Je resterai seul… heureux, très heureux d’être seul avec Jésus, seul pour Jésus… Ne vous inquiétez pas, nous sommes, vous et moi, entre les mains du Bien-Aimé… Il vaut mieux, pour nous, L’avoir comme gardien que tous les soldats du monde… Si j’avais le sort de notre arrière-grand-oncle Armand Armand de Foucauld de Pontbriand, grand vicaire de l’Archevêque d’Arles, fusillé en haine de la foi, par les révolutionnaires, aux Carmes, le 2 septembre 1792. , n’en seriez-vous pas heureux ? Jésus a dit que c’était la plus grande marque d’amour, ne seriez-vous pas heureux de me voir la donner ? Je ne crois pas cependant que cela arrive : non sum dignus

Priez pour que je sois fidèle à ce divin Jésus qui se fait si petit pour venir me tenir compagnie, dans cette maison plus petite que celle de Nazareth.

A un ami,

16 décembre 1905.

Je tâche de faire, au jour le jour, la volonté de Jésus et suis dans une grande paix intérieure.

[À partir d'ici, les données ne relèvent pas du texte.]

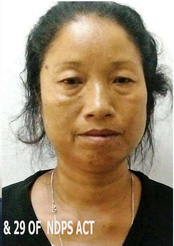
CONVICTED U/S 22 (C) & 29 OF NDPS ACT

Ne vous tourmentez pas de me voir seul, sans ami, sans secours spirituel, je ne souffre en rien de cette solitude, je la trouve très douce, j’ai le Saint-Sacrement, le meilleur des amis, à qui parler jour et nuit ; j’ai la Sainte Vierge et saint Joseph, j’ai tous les saints : je suis heureux, et rien ne me manque.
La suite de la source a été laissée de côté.